TLDR: Vevo2 is a new framework that unifies controllable speech and singing voice generation. It uses two novel audio tokenizers—a notation-free prosody tokenizer and a low-frame-rate content-style tokenizer—along with unified pre-training and multi-objective post-training. This enables versatile control over text, prosody, style, and timbre, leading to mutual benefits for both modalities and unique applications like converting humming or instrumental melodies into singing.
Generating human voices that are both natural and controllable, especially for expressive forms like singing, has long been a complex challenge in audio generation. Researchers have made significant strides in speech generation, particularly with zero-shot text-to-speech (TTS) systems, largely due to the availability of vast speech datasets. However, singing voice generation, which demands precise control over elements like melody, has remained a more difficult area.
A new research paper introduces Vevo2, a groundbreaking unified framework designed to bridge the gap between controllable speech and singing voice generation. The core idea behind Vevo2 is that speech and singing voice learning can mutually benefit from a single, integrated model. This approach allows the abundance of speech data to enhance singing voice generation, while the inherent expressiveness of singing can improve expressive speech generation and prosody following capabilities.
Addressing Key Challenges
Building such a unified system presents several hurdles.

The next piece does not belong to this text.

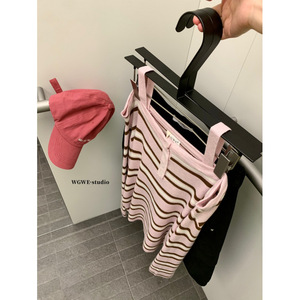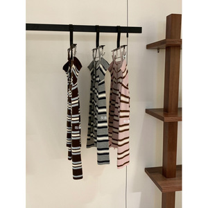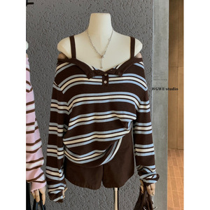 塞纳WGWE7012早秋装2025新款吊带一字领假两件长袖上衣

Traditional singing voice datasets often rely on extensive, expert annotations like detailed music notation, which are scarce and not ideal for unified modeling. Furthermore, achieving precise control over various voice attributes—such as text (lyrics), prosody (melody), style (accent, emotion), and timbre (speaker identity)—within a single system is crucial.
Vevo2 tackles these challenges by introducing two innovative audio tokenizers:
- Prosody Tokenizer: This tokenizer operates at a low frame rate and is trained to reconstruct the chromagram of raw audio. Crucially, it is “music-notation-free,” meaning it can extract prosody and melody from speech, singing, and even instrumental sounds without needing expert annotations. This significantly improves scalability and flexibility, even allowing it to capture melodies from non-human sounds.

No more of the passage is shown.